Alright guys, ive been dry canning rice and beans, flour and sugar for years just as normal food storage( cheaper to buy in bulk). Could you use the same process to dry can dog food? Like a normal bag of regular dry dog food? Thank for your thoughts.


----------



## paraquack (Mar 1, 2013)

Sorry, too much fat content. Would go rancid in maybe a year or so. But don't worry about dog food. 
Just use the bodies of those who try to loot from you. The coyotes in my area will get real fat, since 
I don't have any dog at this time.


----------



## Back Pack Hack (Sep 15, 2016)

Off-the-shelf dog & cat food is good for at least two years if stored in a cool, dry place away from insects and rodents.


----------



## SOCOM42 (Nov 9, 2012)

As said 2 years is nominal shelf life for dry DF, I can extend it a year by letting it freeze for the winter.

We make our own for one dog, canned or frozen chicken breast, fresh or canned green beans, fresh or canned carrots.

Those above are mixed proportionately with cooked long grain rice.

As the cans age, we use them instead of the fresh until they are expended, then back to the fresh cycle.

A small amount of dry is added to the mix.

At any point we have 5 years of food for the dog or dogs if needed in dry and canned products.

SHTF we can throw in a BLM arm or thigh meat for a treat or let them get their own.

During the migration season, one dog brings a canadian honker or a mallad every day from the lake. 

I know they hunt at night, for whatever, usually leave the stripped bones in the yard.


----------



## Back Pack Hack (Sep 15, 2016)

SOCOM42 said:


> ............SHTF we can throw in a BLM arm or thigh meat for a treat or let them get their own..........

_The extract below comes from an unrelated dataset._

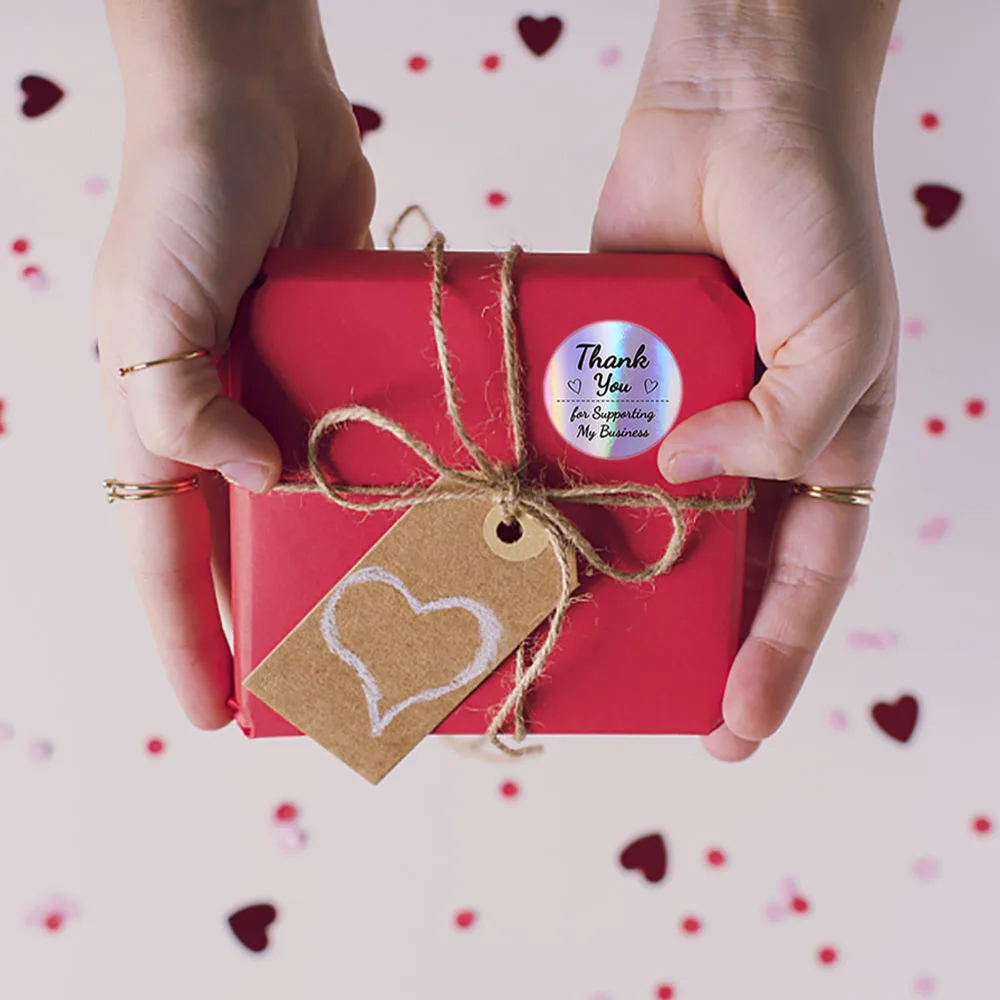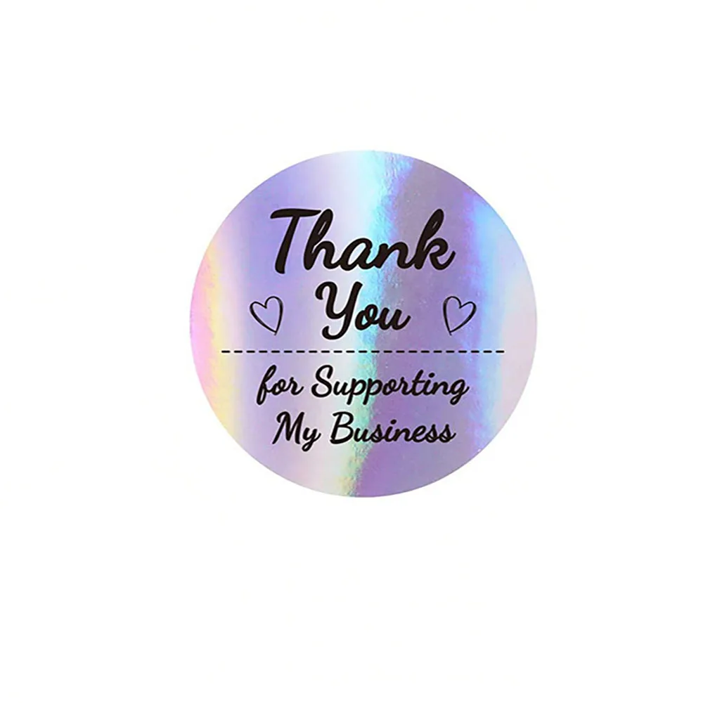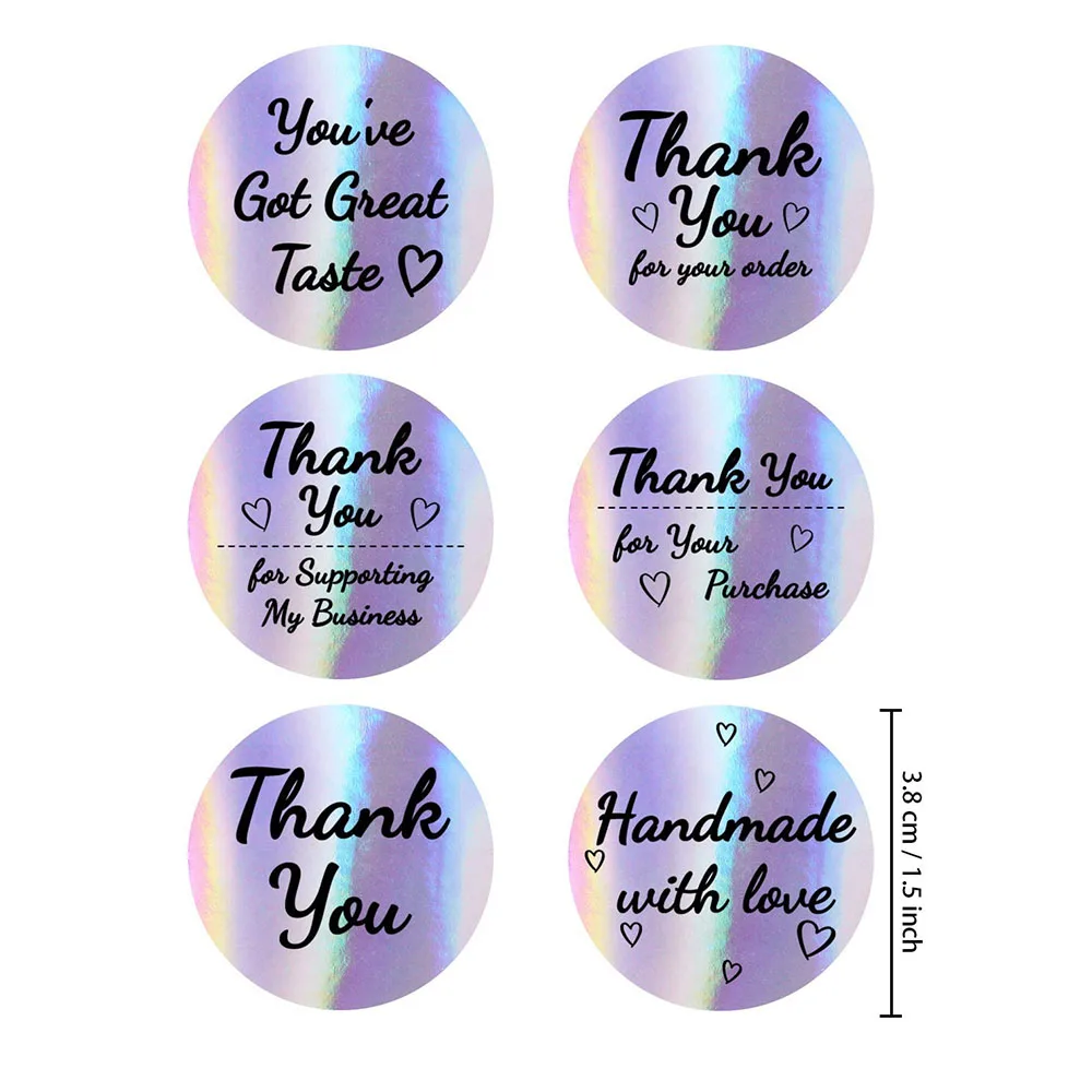 1,5 дюймовые круглые наклейки с надписью Thank You, клейкие голографические наклейки, радужные наклейки для бизнеса, магазина, упаковочные принадлежности, печать

Don't feed your dog Antifa parts..... they're poisonous.


----------



## SOCOM42 (Nov 9, 2012)

Back Pack Hack said:


> Don't feed your dog Antifa parts..... they're poisonous.


Your right, the dogs prefer dark meat.:devil:

They are smart enough to detect tainted(antifa) meat.:vs_laugh:

They would probably be overdosed with some kind of drugs from those bastards.


----------